# Work required
Quote the listing below in its entirety, omitting every image.

# Record set
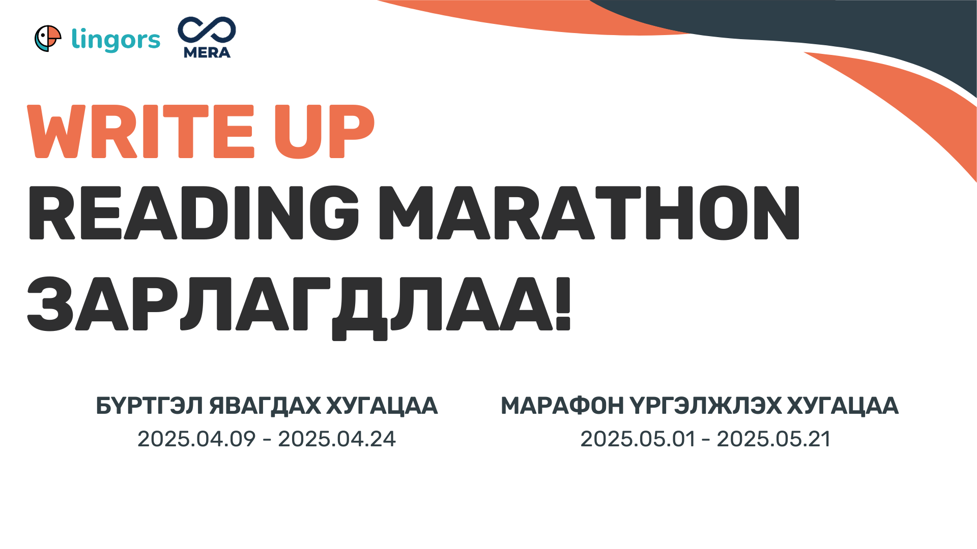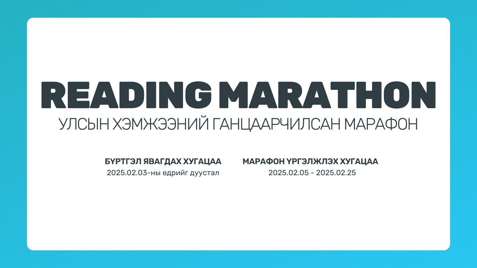 Nationwide Reading Marathon 2025 Улсын хэмжээний ганцаарчилсан марафон бөгөөд оролцогчид 21 хоногийн турш долоо хоног бүр унших болон сонсох даалгаврыг гүйцэтгэнэ. Дэлгэрэнгүй ...
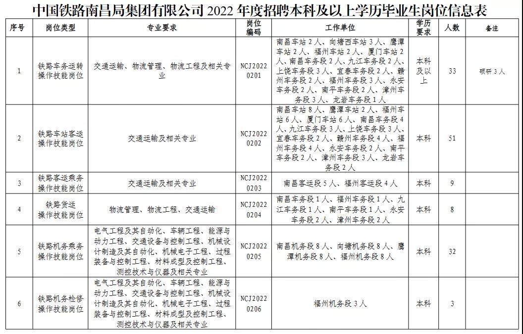附件:中国铁路南昌局集团有限公司2022年度招聘本科及以上学历毕业生岗位信息表.pdf(71.87K)
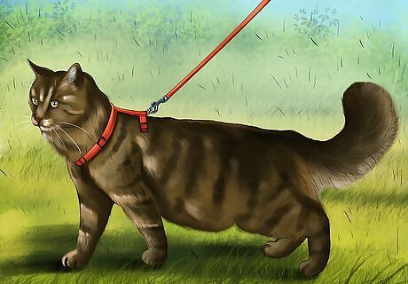 Take your cat outside on a leash. You can also provide your cat with space to sunbathe by taking them outside on a leash. It is relatively easy to leash train a cat. Try tethering your cat to a stationary object, such as a tree in your backyard. Your cat can enjoy sunbathing outside while you complete yard work or relax outside. Do not leave your cat tethered outside unsupervised because they may get caught or tangled.
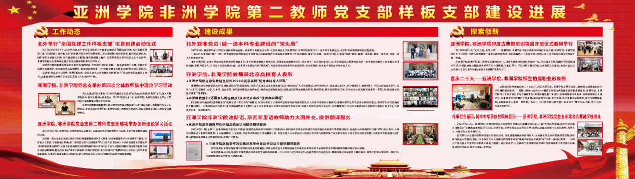 beat365英国官网非洲学院第二教师党支部自2022年3月起获批第三批全国党建工作样板支部培育创建单位,认真学习贯彻习近平新时代中国特色社会主义思想,落实立德树人根本任务,致力于打造“亚洲非通用语基层组织工作平台和育人载体”。
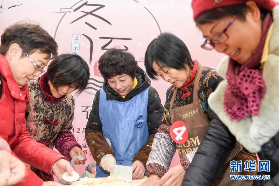 12月19日,合肥市云华社区居民一起包饺子迎冬至。
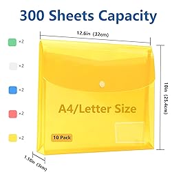 【10 Pack, 5 Colors】: Binditek Plastic Expanding File Folders have 5 colors, total 10 packs, allowing you to easily categorize and identify different files. Perfect for letter size, A4, A5, or smaller size papers. Size: 12.6in x 10in 【Expandable Design for Large-Capacity】: This Plastic Envelopes folder features an expandable side panel, enabling it to hold a substantial number of files. It can hold up to 300 sheets of paper, meeting diverse storage needs 【Secure Snap Closure】: This Expandable File Folder features a reliable snap closure design to keep documents securely stored, prevent spillage, and facilitate easy transport, ensuring peace of mind during transit or storage 【Transparent & Label Pocket】: The transparent front panel allows you to quickly view the contents inside without opening it; dedicated label pockets accommodate custom labels for easy filing and organization 【Multi-Purpose】: This File Folder is not only ideal for organizing documents at home, in the office, or at school, but also perfectly accommodates letters, receipts, certificates, photos, art supplies, stationery, or cosmetics. Suitable for everyone
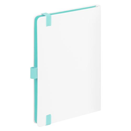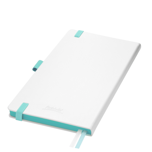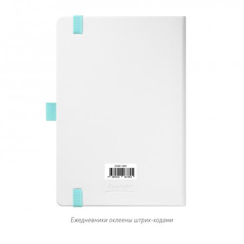 Недатированный ежедневник выполнен в жесткой обложке из искусственной кожи со скругленными уголками. Переплетный материал гладкий, с легкой естественной паутинкой морщин, имеет полуглянцевый блеск. Цвет – чистый белый. Бирюзовые матовые форзац и нахзац, а также бирюзовый срез блока создают оригинальный динамичный цветовой ансамбль и подчеркивают белизну обложки. Страницы светло-кремового цвета, из гладкого офсета, слегка шелковистые, со скругленными уголками. Добавляют изделию мягкую комфортную теплоту. Двойное атласное ляссе составлено из бирюзовой и белой лент. Каждая шириной 6 мм, имеет легкий блеск. Вертикальная фиксирующая резинка прочная, надежная и удобная, в тон срезу. Есть петелька для ручки в тон резинки. Карман на заднем форзаце.
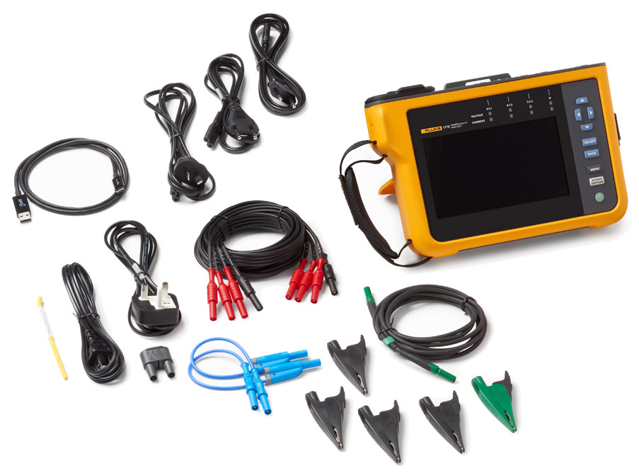 Záznamník Fluke 1773, 4 ks proudové převodníky iFlex i17XX-FLEX1500-18 (45 cm), plochý měřicí vodič 3F+N, 5 ks krokosvorky, 2ks kabel na propojení napájení 0,18m modrý, měřicí vodič zelený, komunikační kabel USB-C, kabel napájení, sada barevných kroužků, adaptér do zásuvky, Energy Analyze Software, návod k obsluze v českém jazyce
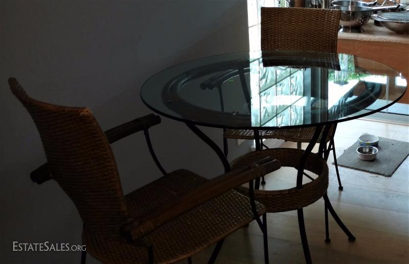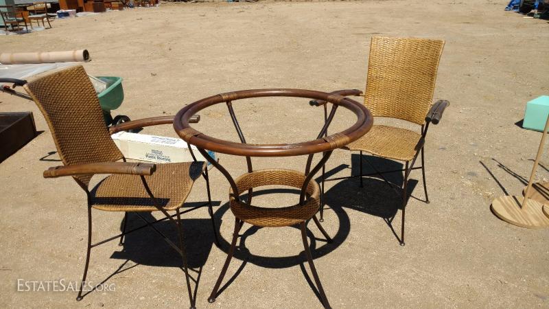 Rattan & Metal Cafe Glass Top Table w Two Chairs
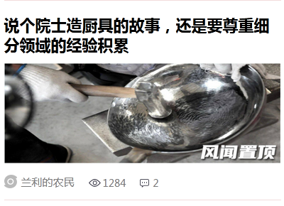 不過,很多事還是不能想當然,要尊重細分領域的積累。一位觀友就和大家説了一個院士造鍋和造刀的故事與大家分享。
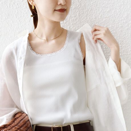 控えめで上品なレースをトリミングした前後2WAYのタンクトップです。
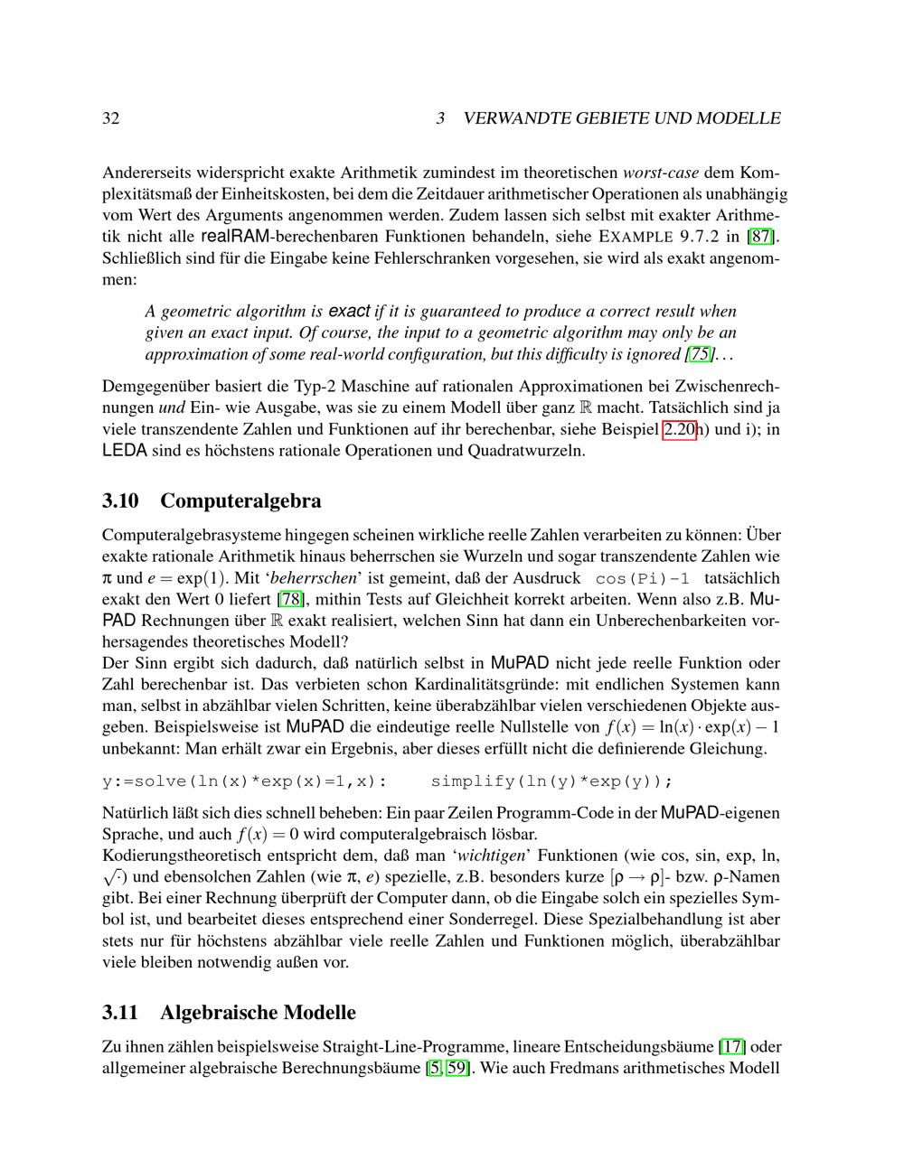 Zur Berechenbarkeit reeller geometrischer Probleme / vorgelegt von Martin Ziegler
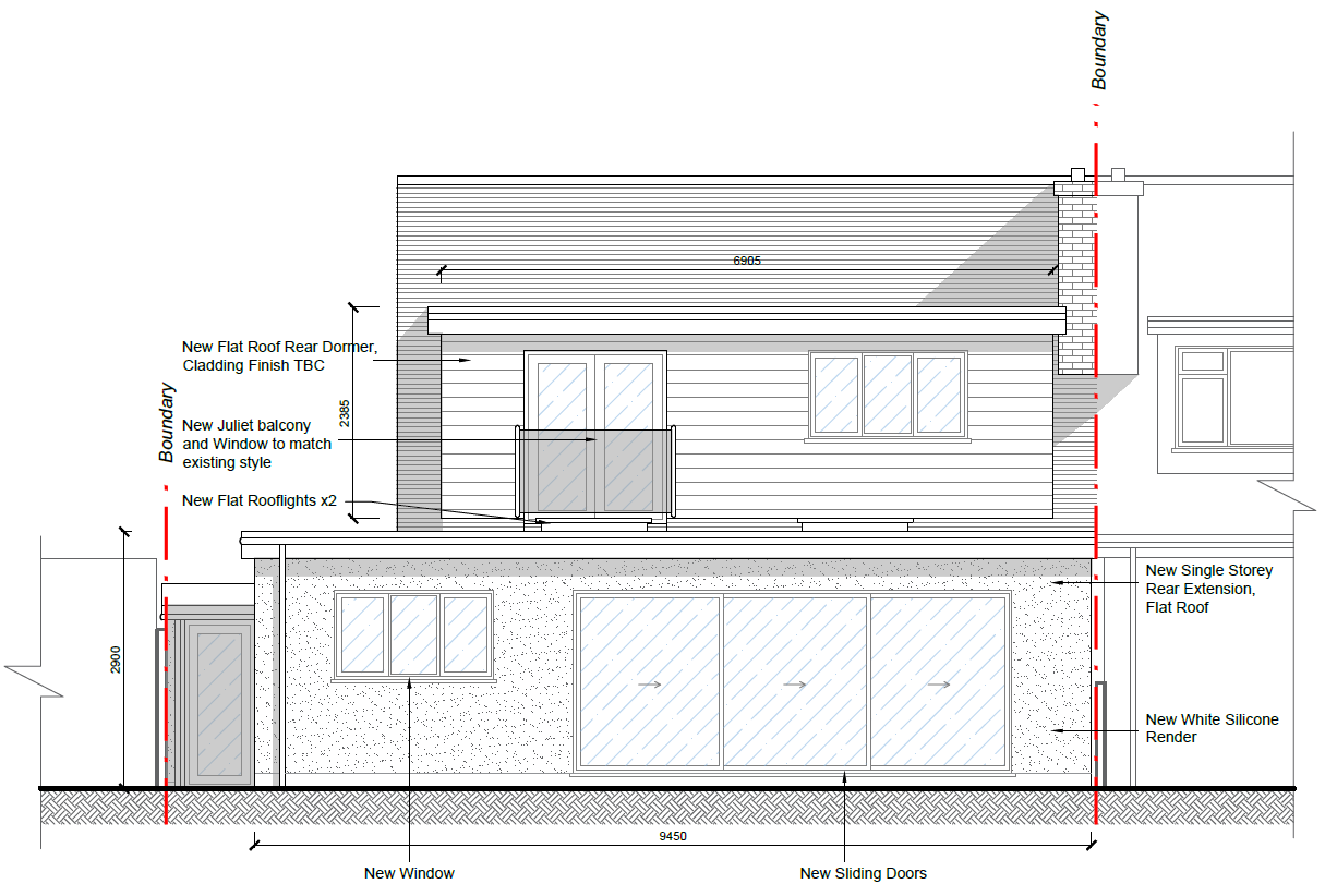 photorealistic rear elevation render of a uk semi detached house based exactly on the provided architectural drawing maintain exact proportions rooflines window positions and massing from the drawing do not redesign the house ground floor single storey rear flat roof extension with smooth white silicone render finish no brick plinth only a thin dark dpc line at base level large anthracite grey aluminium sliding doors centred one smaller anthracite grey aluminium window to the left no additional rear doors first floor flat roof rear dormer clad in horizontal arctic white cladding clean modern horizontal boards anthracite grey aluminium windows central juliet balcony with frameless glass balustrade and anthracite grey double doors roof existing pitched roof finished in plain clay tiles flat roof finished in dark grey membrane external finishes all windows and doors anthracite grey aluminium white fascia and soffits black rainwater goods patio himalayan white porcelain patio tiles large format slabs subtle light grey veining contemporary finish remove all text dimensions arrows boundary lines and annotations from the drawing do not include notes or red lines realistic british daylight professional architectural visualisation clean minimal garden setting
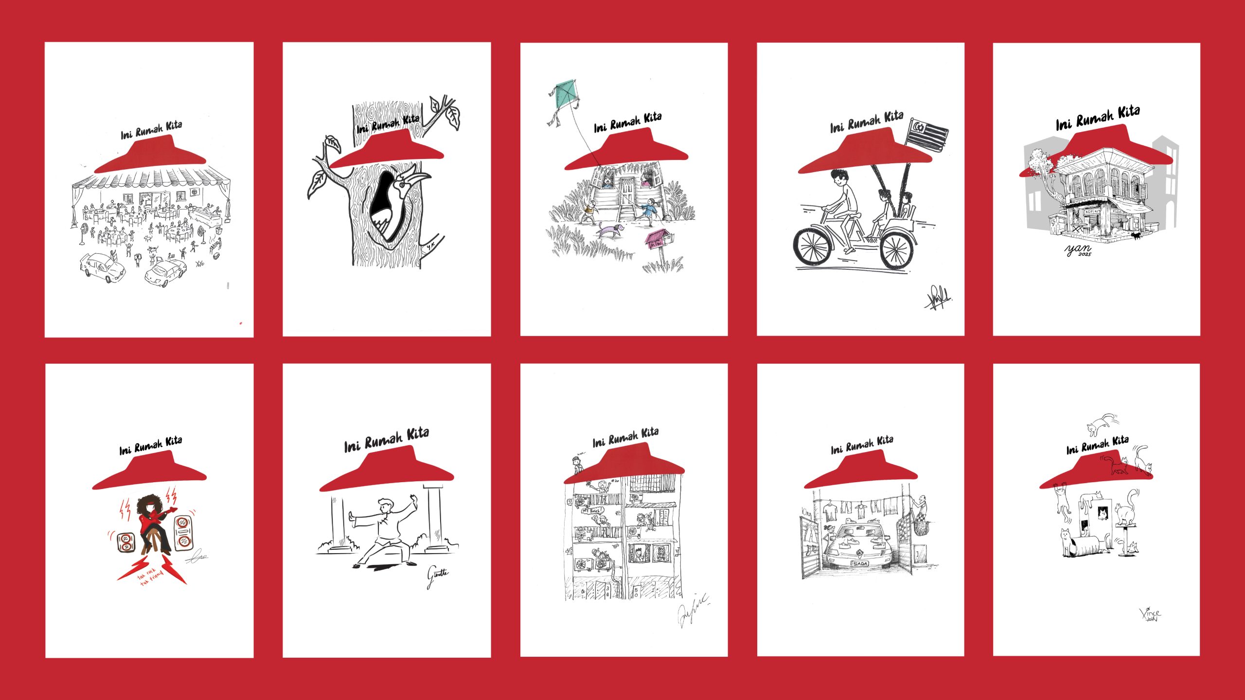 Ini Rumah Kita unites 68 artists from across Malaysia – from established names to emerging students – to illustrate their own interpretation of ‘rumah’ (home) under the iconic Pizza Hut red roof. Each artwork tells a different story: shades of childhood, colours of culture, and fragments of memory. Yet under the one red roof, these differences are connected by a common thread —shared homes, shared flavours, and shared identity as Malaysians.
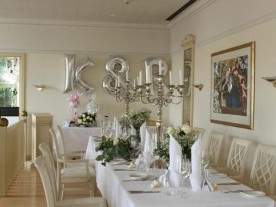 Ein prickelnder Sekt-Empfang auf der Hotelterrasse könnte den kulinarischen Teil Ihres Hochzeitsfestes eröffnen. Die stilvoll eingerichteten Räumlichkeiten bieten Platz für 60 bis 140 Hochzeitsgäste und werden nach individuellen Wünschen dekoriert. Hier zeigt sich einmal mehr die jahrelange Erfahrung der Mitarbeiter, die mit aufmerksamen Service, Professionalität und persönlichem Engagement für eine ganz besondere Wohlfühlatmosphäre bei der Hochzeitsfeier sorgen.
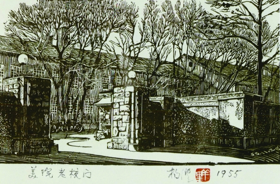 60年過去了,學校早已遷到城外寬敞的新校區,老校址拆遷,變成協和醫院的新病房樓。我刻的《美院老校門》變成校友回憶母校的紀念品,上世紀80年代中央美術學院美術館收藏了一幅并幾次展出。李樹聲先生收到一幅復制品(木板有損)后感慨地說:“在里邊住了46年!太有感情了。 ”李可染先生、師母鄒佩珠先生見到后也說:“老美院,太熟悉,感情很深啊! ”老校園里有徐悲鴻、吳作人老院長的身影,有齊白石老人上課的痕跡,有李可染、李苦禪、李樺、古元等老一代宗師授課的回音。
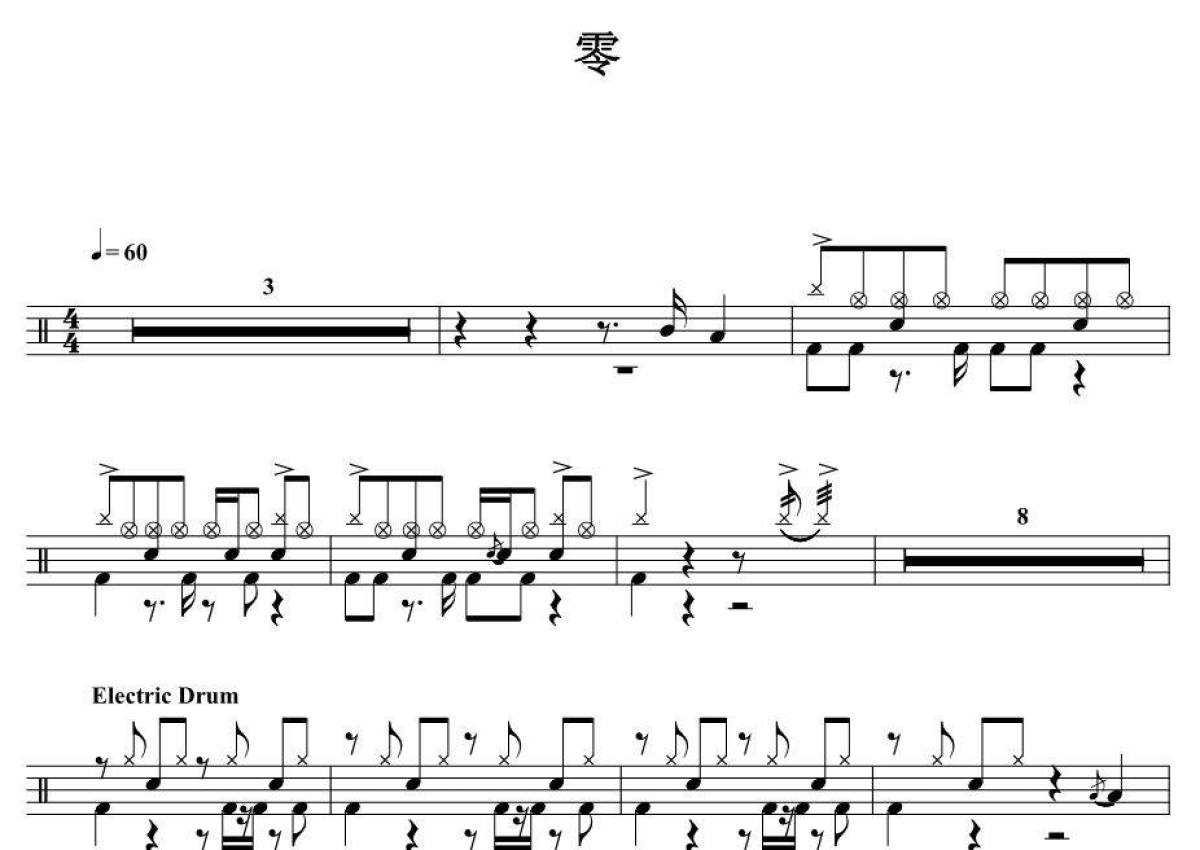 《零》是柯有伦演唱的一首歌曲,拍号为4/4拍,歌曲速度为每分钟60拍,这份架子鼓谱共有三张高清图谱,图谱由 @音符喷血者 编配上传,图谱使用五线谱编配,使用这份零架子鼓谱,你将能够轻松地敲打出这首柯有伦的零,快来尝试吧。

# Finished exercise
 Nationwide Reading Marathon 2025 Улсын хэмжээний ганцаарчилсан марафон бөгөөд оролцогчид 21 хоногийн турш долоо хоног бүр унших болон сонсох даалгаврыг гүйцэтгэнэ. Дэлгэрэнгүй ...
附件:中国铁路南昌局集团有限公司2022年度招聘本科及以上学历毕业生岗位信息表.pdf(71.87K)
 Take your cat outside on a leash. You can also provide your cat with space to sunbathe by taking them outside on a leash. It is relatively easy to leash train a cat. Try tethering your cat to a stationary object, such as a tree in your backyard. Your cat can enjoy sunbathing outside while you complete yard work or relax outside. Do not leave your cat tethered outside unsupervised because they may get caught or tangled.
 beat365英国官网非洲学院第二教师党支部自2022年3月起获批第三批全国党建工作样板支部培育创建单位,认真学习贯彻习近平新时代中国特色社会主义思想,落实立德树人根本任务,致力于打造“亚洲非通用语基层组织工作平台和育人载体”。
 12月19日,合肥市云华社区居民一起包饺子迎冬至。
 【10 Pack, 5 Colors】: Binditek Plastic Expanding File Folders have 5 colors, total 10 packs, allowing you to easily categorize and identify different files. Perfect for letter size, A4, A5, or smaller size papers. Size: 12.6in x 10in 【Expandable Design for Large-Capacity】: This Plastic Envelopes folder features an expandable side panel, enabling it to hold a substantial number of files. It can hold up to 300 sheets of paper, meeting diverse storage needs 【Secure Snap Closure】: This Expandable File Folder features a reliable snap closure design to keep documents securely stored, prevent spillage, and facilitate easy transport, ensuring peace of mind during transit or storage 【Transparent & Label Pocket】: The transparent front panel allows you to quickly view the contents inside without opening it; dedicated label pockets accommodate custom labels for easy filing and organization 【Multi-Purpose】: This File Folder is not only ideal for organizing documents at home, in the office, or at school, but also perfectly accommodates letters, receipts, certificates, photos, art supplies, stationery, or cosmetics. Suitable for everyone
 Недатированный ежедневник выполнен в жесткой обложке из искусственной кожи со скругленными уголками. Переплетный материал гладкий, с легкой естественной паутинкой морщин, имеет полуглянцевый блеск. Цвет – чистый белый. Бирюзовые матовые форзац и нахзац, а также бирюзовый срез блока создают оригинальный динамичный цветовой ансамбль и подчеркивают белизну обложки. Страницы светло-кремового цвета, из гладкого офсета, слегка шелковистые, со скругленными уголками. Добавляют изделию мягкую комфортную теплоту. Двойное атласное ляссе составлено из бирюзовой и белой лент. Каждая шириной 6 мм, имеет легкий блеск. Вертикальная фиксирующая резинка прочная, надежная и удобная, в тон срезу. Есть петелька для ручки в тон резинки. Карман на заднем форзаце.
 Záznamník Fluke 1773, 4 ks proudové převodníky iFlex i17XX-FLEX1500-18 (45 cm), plochý měřicí vodič 3F+N, 5 ks krokosvorky, 2ks kabel na propojení napájení 0,18m modrý, měřicí vodič zelený, komunikační kabel USB-C, kabel napájení, sada barevných kroužků, adaptér do zásuvky, Energy Analyze Software, návod k obsluze v českém jazyce
 Rattan & Metal Cafe Glass Top Table w Two Chairs
 不過,很多事還是不能想當然,要尊重細分領域的積累。一位觀友就和大家説了一個院士造鍋和造刀的故事與大家分享。
 控えめで上品なレースをトリミングした前後2WAYのタンクトップです。
 Zur Berechenbarkeit reeller geometrischer Probleme / vorgelegt von Martin Ziegler
 photorealistic rear elevation render of a uk semi detached house based exactly on the provided architectural drawing maintain exact proportions rooflines window positions and massing from the drawing do not redesign the house ground floor single storey rear flat roof extension with smooth white silicone render finish no brick plinth only a thin dark dpc line at base level large anthracite grey aluminium sliding doors centred one smaller anthracite grey aluminium window to the left no additional rear doors first floor flat roof rear dormer clad in horizontal arctic white cladding clean modern horizontal boards anthracite grey aluminium windows central juliet balcony with frameless glass balustrade and anthracite grey double doors roof existing pitched roof finished in plain clay tiles flat roof finished in dark grey membrane external finishes all windows and doors anthracite grey aluminium white fascia and soffits black rainwater goods patio himalayan white porcelain patio tiles large format slabs subtle light grey veining contemporary finish remove all text dimensions arrows boundary lines and annotations from the drawing do not include notes or red lines realistic british daylight professional architectural visualisation clean minimal garden setting
 Ini Rumah Kita unites 68 artists from across Malaysia – from established names to emerging students – to illustrate their own interpretation of ‘rumah’ (home) under the iconic Pizza Hut red roof. Each artwork tells a different story: shades of childhood, colours of culture, and fragments of memory. Yet under the one red roof, these differences are connected by a common thread —shared homes, shared flavours, and shared identity as Malaysians.
 Ein prickelnder Sekt-Empfang auf der Hotelterrasse könnte den kulinarischen Teil Ihres Hochzeitsfestes eröffnen. Die stilvoll eingerichteten Räumlichkeiten bieten Platz für 60 bis 140 Hochzeitsgäste und werden nach individuellen Wünschen dekoriert. Hier zeigt sich einmal mehr die jahrelange Erfahrung der Mitarbeiter, die mit aufmerksamen Service, Professionalität und persönlichem Engagement für eine ganz besondere Wohlfühlatmosphäre bei der Hochzeitsfeier sorgen.
 60年過去了,學校早已遷到城外寬敞的新校區,老校址拆遷,變成協和醫院的新病房樓。我刻的《美院老校門》變成校友回憶母校的紀念品,上世紀80年代中央美術學院美術館收藏了一幅并幾次展出。李樹聲先生收到一幅復制品(木板有損)后感慨地說:“在里邊住了46年!太有感情了。 ”李可染先生、師母鄒佩珠先生見到后也說:“老美院,太熟悉,感情很深啊! ”老校園里有徐悲鴻、吳作人老院長的身影,有齊白石老人上課的痕跡,有李可染、李苦禪、李樺、古元等老一代宗師授課的回音。
 《零》是柯有伦演唱的一首歌曲,拍号为4/4拍,歌曲速度为每分钟60拍,这份架子鼓谱共有三张高清图谱,图谱由 @音符喷血者 编配上传,图谱使用五线谱编配,使用这份零架子鼓谱,你将能够轻松地敲打出这首柯有伦的零,快来尝试吧。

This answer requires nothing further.